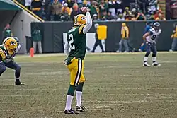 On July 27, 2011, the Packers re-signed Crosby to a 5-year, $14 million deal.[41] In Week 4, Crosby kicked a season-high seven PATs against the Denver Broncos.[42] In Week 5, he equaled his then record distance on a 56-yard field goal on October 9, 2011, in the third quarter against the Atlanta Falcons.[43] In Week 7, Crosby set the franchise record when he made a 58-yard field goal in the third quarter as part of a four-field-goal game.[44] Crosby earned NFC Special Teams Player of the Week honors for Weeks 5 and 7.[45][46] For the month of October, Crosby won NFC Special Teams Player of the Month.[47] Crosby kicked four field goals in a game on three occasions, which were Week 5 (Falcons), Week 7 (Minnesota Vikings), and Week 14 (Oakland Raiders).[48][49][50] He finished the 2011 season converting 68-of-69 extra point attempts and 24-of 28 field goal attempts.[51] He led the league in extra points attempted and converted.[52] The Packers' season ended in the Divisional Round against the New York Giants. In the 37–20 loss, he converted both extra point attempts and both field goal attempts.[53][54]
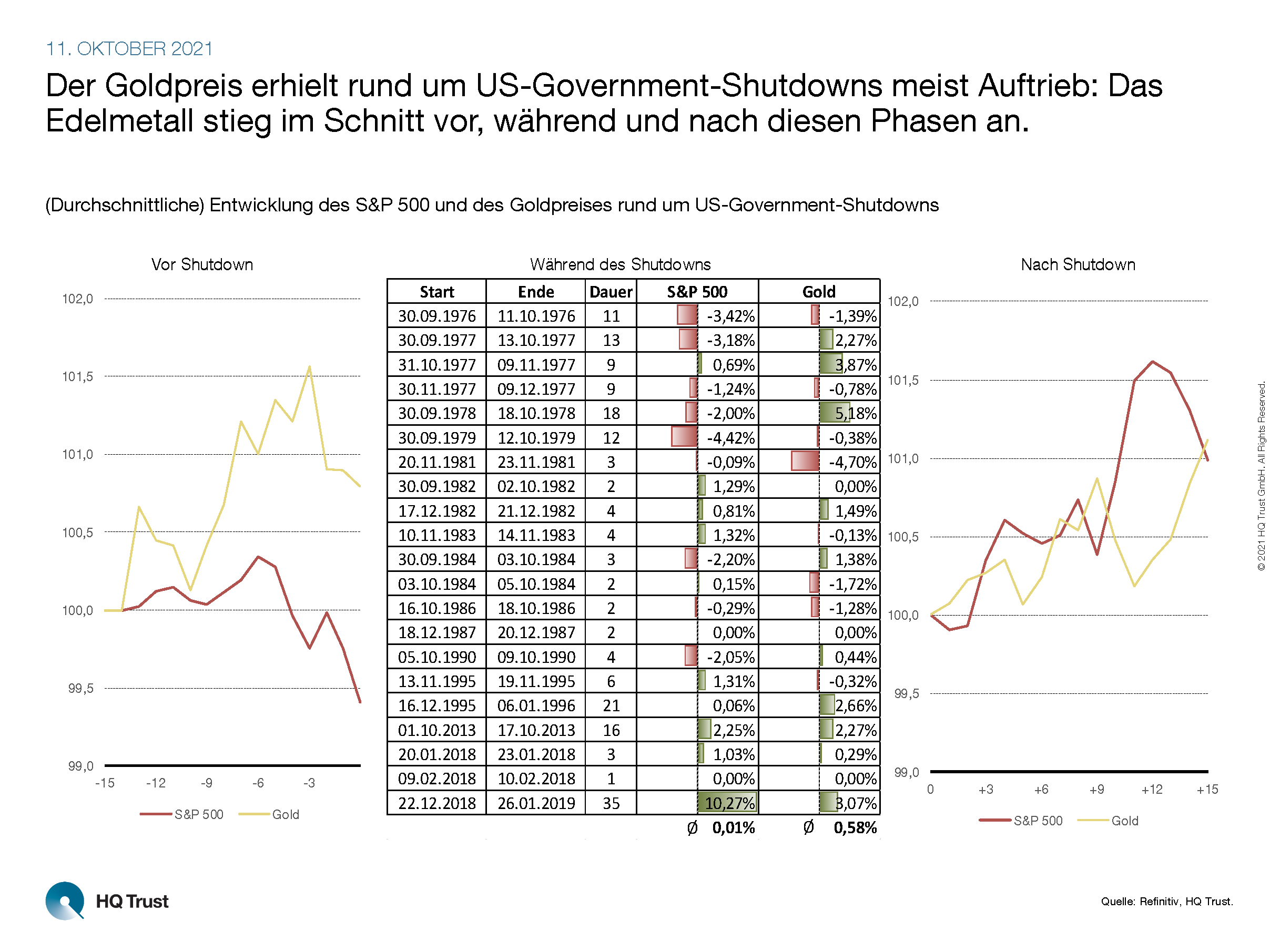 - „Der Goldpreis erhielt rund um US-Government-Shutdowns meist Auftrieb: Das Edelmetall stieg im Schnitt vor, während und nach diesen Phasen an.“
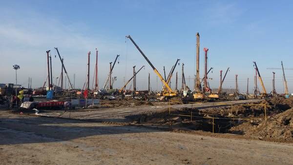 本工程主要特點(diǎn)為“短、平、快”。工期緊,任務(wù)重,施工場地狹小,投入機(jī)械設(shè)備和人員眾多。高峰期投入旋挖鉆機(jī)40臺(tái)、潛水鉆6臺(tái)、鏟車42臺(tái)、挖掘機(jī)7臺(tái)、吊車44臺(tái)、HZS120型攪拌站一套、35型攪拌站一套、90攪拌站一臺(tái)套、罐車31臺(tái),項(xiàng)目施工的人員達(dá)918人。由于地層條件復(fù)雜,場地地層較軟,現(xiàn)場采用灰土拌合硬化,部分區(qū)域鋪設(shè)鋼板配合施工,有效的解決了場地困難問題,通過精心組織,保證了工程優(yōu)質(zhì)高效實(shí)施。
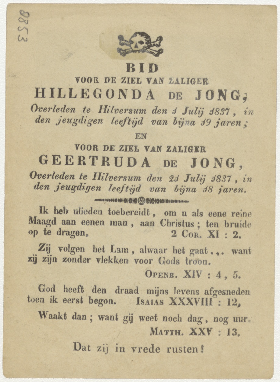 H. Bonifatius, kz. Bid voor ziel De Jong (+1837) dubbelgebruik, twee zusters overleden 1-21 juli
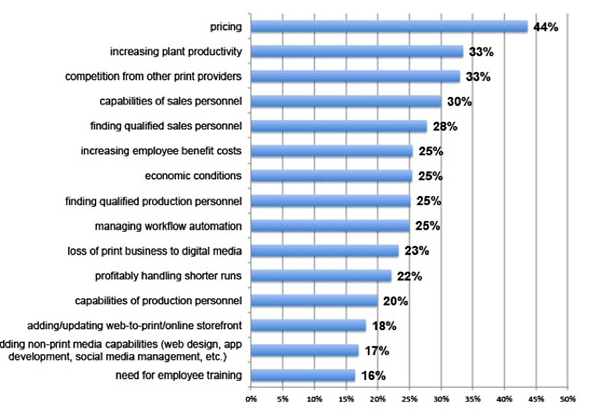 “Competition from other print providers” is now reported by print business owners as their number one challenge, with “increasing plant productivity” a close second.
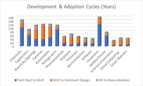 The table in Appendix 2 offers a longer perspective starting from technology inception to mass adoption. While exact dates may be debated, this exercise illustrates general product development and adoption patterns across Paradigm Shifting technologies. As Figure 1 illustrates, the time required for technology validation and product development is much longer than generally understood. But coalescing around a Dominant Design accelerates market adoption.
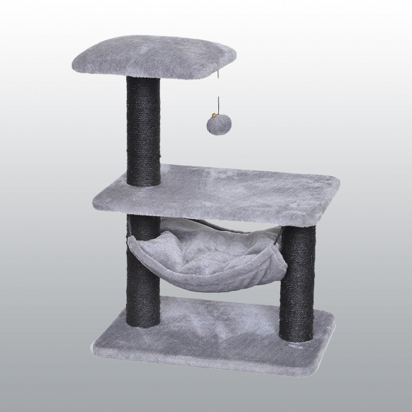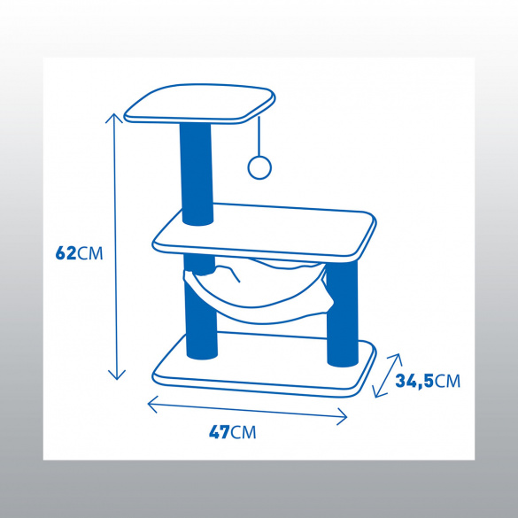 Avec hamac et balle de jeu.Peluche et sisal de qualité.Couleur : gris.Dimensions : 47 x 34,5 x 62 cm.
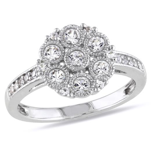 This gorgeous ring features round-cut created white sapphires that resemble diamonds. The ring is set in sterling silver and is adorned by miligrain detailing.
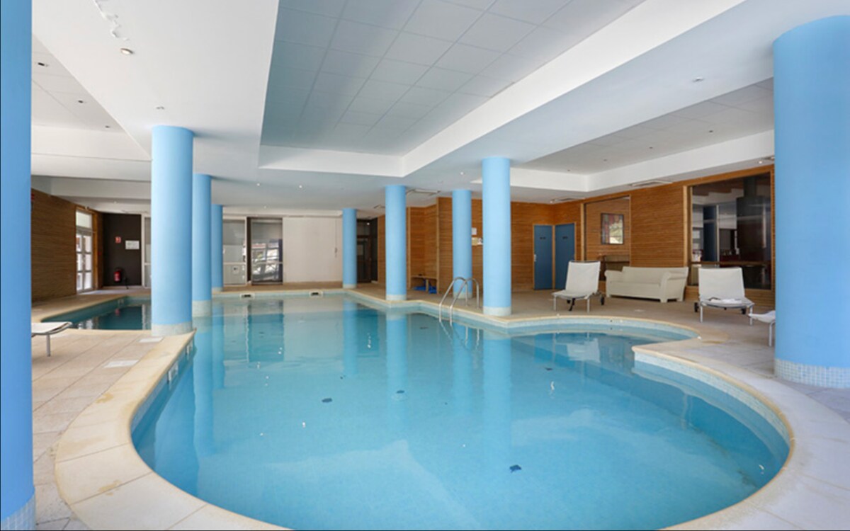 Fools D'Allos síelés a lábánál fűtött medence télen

========

### EXERCISE DESCRIPTION
Nothing but the lines from the one holding "The table in" through the final line of the records above belongs in the answer, each retyped exactly; omit the pictures.

### RESPONSE TO THE EXERCISE
 The table in Appendix 2 offers a longer perspective starting from technology inception to mass adoption. While exact dates may be debated, this exercise illustrates general product development and adoption patterns across Paradigm Shifting technologies. As Figure 1 illustrates, the time required for technology validation and product development is much longer than generally understood. But coalescing around a Dominant Design accelerates market adoption.
 Avec hamac et balle de jeu.Peluche et sisal de qualité.Couleur : gris.Dimensions : 47 x 34,5 x 62 cm.
 This gorgeous ring features round-cut created white sapphires that resemble diamonds. The ring is set in sterling silver and is adorned by miligrain detailing.
 Fools D'Allos síelés a lábánál fűtött medence télen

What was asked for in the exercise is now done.